July 10, 2019 PR-M07-19-NI-023
NEW YORK, July 08, 2019 (GLOBE NEWSWIRE) -- Intra-Cellular Therapies, Inc. (Nasdaq:ITCI), a biopharmaceutical company focused on the development of therapeutics for central nervous system (CNS) disorders, today announced top-line results from two Phase 3 clinical trials (Study 401 and Study 404) evaluating lumateperone as monotherapy in the treatment of major depressive episodes associated with Bipolar I or Bipolar II disorder. In Study 404, lumateperone 42 mg met the primary endpoint for improvement in depression as measured by change from baseline versus placebo on the MADRS total score (p<0.001; effect size = 0.56). Study 404 also met its key secondary endpoint, Clinical Global Impression Scale for Bipolar for Severity of Illness (CGI-BP-S) Total Score (p<0.001; effect size = 0.46). In both trials, lumateperone demonstrated a favorable safety profile and was generally well-tolerated.

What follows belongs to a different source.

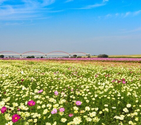 荒川の河川敷に広がる関東最大級の花畑。早春には菜の花、春はポピー、秋はコスモスになります。水管橋...
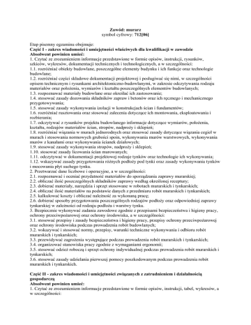 Zawód: murarz symbol cyfrowy: 712[06] Etap pisemny egzaminu obejmuje: Część I - zakres wiadomości i umiejętności właściwych dla kwalifikacji w zawodzie Absolwent powinien umieć: 1. Czytać ze zrozumieniem informacje przedstawione w formie opisów, instrukcji, rysunków, szkiców, wykresów, dokumentacji technicznych i technologicznych, a w szczególności: 1.1. rozróżniać obiekty budowlane, poszczególne elementy budynku i ich funkcje oraz technologie budowlane; 1.2. rozróżniać części składowe dokumentacji projektowej i posługiwać się nimi, w szczególności opisem technicznym i rysunkami architektoniczno-budowlanymi, w zakresie odczytywania rodzaju materiałów oraz położenia, wymiarów i kształtu poszczególnych elementów budowlanych; 1.3. rozpoznawać materiały budowlane oraz określać ich zastosowanie; 1.4. stosować zasady dozowania składników zapraw i betonów oraz ich ręcznego i mechanicznego przygotowywania; 1.5. stosować zasady wykonywania izolacji w konstrukcjach ścian i fundamentów; 1.6. rozróżniać rusztowania oraz stosować zalecenia dotyczące ich montowania, eksploatowania i rozbierania; 1.7. odczytywać z rysunków projektu budowlanego informacje dotyczące wymiarów, położenia, kształtu, rodzajów materiałów ścian, stropów, nadproży i sklepień; 1.8. rozróżniać wiązania w murach jednorodnych oraz stosować zasady dotyczące wiązania cegieł w murach i stosowania normowych grubości spoin, wykonywania murów warstwowych, wykonywania murów z kanałami oraz wykonywania ścianek działowych; 1.9. stosować zasady wykonywania stropów, nadproży i sklepień; 1.10. stosować zasady licowania ścian murowanych; 1.11. odczytywać w dokumentacji projektowej rodzaje tynków oraz technologie ich wykonywania; 1.12. wskazywać zasady przygotowania różnych podłoży pod tynki oraz zasady wykonywania tynków i mocowania płyt suchego tynku. 2. Przetwarzać dane liczbowe i operacyjne, a w szczególności: 2.1. rozpoznawać i oceniać przydatność materiałów do sporządzania zaprawy murarskiej; 2.2. obliczać ilość poszczególnych składników zaprawy według określonej receptury; 2.3. dobierać materiały, narzędzia i sprzęt stosowane w robotach murarskich i tynkarskich; 2.4. obliczać ilość materiałów na podstawie danych z przedmiaru robót murarskich i tynkarskich; 2.5. kalkulować koszty i obliczać należność za wykonaną pracę; 2.6. dobierać sposoby przygotowania poszczególnych rodzajów podłoży oraz odpowiedniej zaprawy tynkarskiej w zależności od rodzaju podłoża i warstwy tynku. 3. Bezpiecznie wykonywać zadania zawodowe zgodnie z przepisami bezpieczeństwa i higieny pracy, ochrony przeciwpożarowej oraz ochrony środowiska, a w szczególności: 3.1. stosować przepisy i zasady bezpieczeństwa i higieny pracy, przepisy ochrony przeciwpożarowej oraz ochrony środowiska podczas prowadzenia robót budowlanych; 3.2. wskazywać i stosować normy, przepisy, warunki techniczne wykonywania i odbioru robót murarskich i tynkarskich; 3.3. przewidywać zagrożenia występujące podczas prowadzenia robót murarskich i tynkarskich; 3.4. organizować stanowiska pracy zgodnie z wymaganiami ergonomii; 3.5. stosować odzież roboczą i sprzęt ochrony indywidualnej podczas prowadzenia robót murarskich i tynkarskich; 3.6. stosować zasady udzielania pierwszej pomocy poszkodowanym podczas prowadzenia robót murarskich i tynkarskich. Część II - zakres wiadomości i umiejętności związanych z zatrudnieniem i działalnością gospodarczą Absolwent powinien umieć: 1. Czytać ze zrozumieniem informacje przedstawione w formie opisów, instrukcji, tabel, wykresów, a w szczególności: 1.1. rozróżniać podstawowe pojęcia i terminy z zakresu funkcjonowania gospodarki oraz prawa pracy, prawa podatkowego i przepisów regulujących podejmowanie i wykonywanie działalności gospodarczej; 1.2. rozróżniać dokumenty związane z zatrudnieniem oraz podejmowaniem i wykonywaniem działalności gospodarczej; 1.3. identyfikować i analizować informacje dotyczące wymagań i uprawnień pracownika, pracodawcy, bezrobotnego i klienta. 2. Przetwarzać dane liczbowe i operacyjne, a w szczególności: 2.1. analizować informacje związane z podnoszeniem kwalifikacji, poszukiwaniem pracy i zatrudnieniem oraz podejmowaniem i wykonywaniem działalności gospodarczej; 2.2. sporządzać dokumenty związane z poszukiwaniem pracy i zatrudnieniem oraz podejmowaniem i wykonywaniem działalności gospodarczej; 2.3. rozróżniać skutki wynikające z nawiązania i rozwiązania stosunku pracy. Etap praktyczny egzaminu obejmuje wykonanie określonego zadania egzaminacyjnego wynikającego z tematów: 1. Wykonanie fragmentu muru w zadanym wiązaniu i określonej technice murowania, zgodnie z dokumentacją. 2. Wykonanie zadanego rodzaju tynku na wyznaczonym fragmencie ściany. Absolwent powinien umieć: 1. Planować czynności związane z wykonaniem zadania: 1.1. sporządzić plan działania; 1.2. sporządzić wykaz niezbędnych surowców, materiałów, sprzętu kontrolno-pomiarowego, narzędzi; 1.3. wykonać niezbędne obliczenia, rysunki lub szkice pomocnicze. 2. Organizować stanowisko pracy: 2.1. zgromadzić i rozmieścić na stanowisku pracy materiały, narzędzia, urządzenia i sprzęt zgodnie z przepisami i zasadami bezpieczeństwa i higieny pracy oraz przepisami ochrony przeciwpożarowej; 2.2. sprawdzić stan techniczny maszyn, urządzeń i sprzętu; 2.3. dobrać odzież roboczą i środki ochrony indywidualnej. 3. Wykonać zadanie egzaminacyjne z zachowaniem przepisów bezpieczeństwa i higieny pracy, ochrony przeciwpożarowej oraz ochrony środowiska i wykazać się umiejętnościami objętymi tematami: 3.1. Wykonanie fragmentu muru w zadanym wiązaniu i określonej technice murowania, zgodnie z dokumentacją: 3.1.1. wyznaczyć roboty zgodnie z dokumentacją; 3.1.2. zbadać doraźnie i ocenić jakość używanych materiałów; 3.1.3. nałoż

“We consider today’s positive results to be a significant milestone in our bipolar depression program. The distinct pharmacological profile of lumateperone and positive clinical results in schizophrenia and bipolar depression further support the potential for benefits in a broad range of neuropsychiatric conditions, including major depressive disorder,” said Dr. Sharon Mates, Chairman and CEO of Intra-Cellular Therapies. “It is an exciting time at ITCI as we prepare for the launch of lumateperone for the treatment of schizophrenia, pending FDA approval.”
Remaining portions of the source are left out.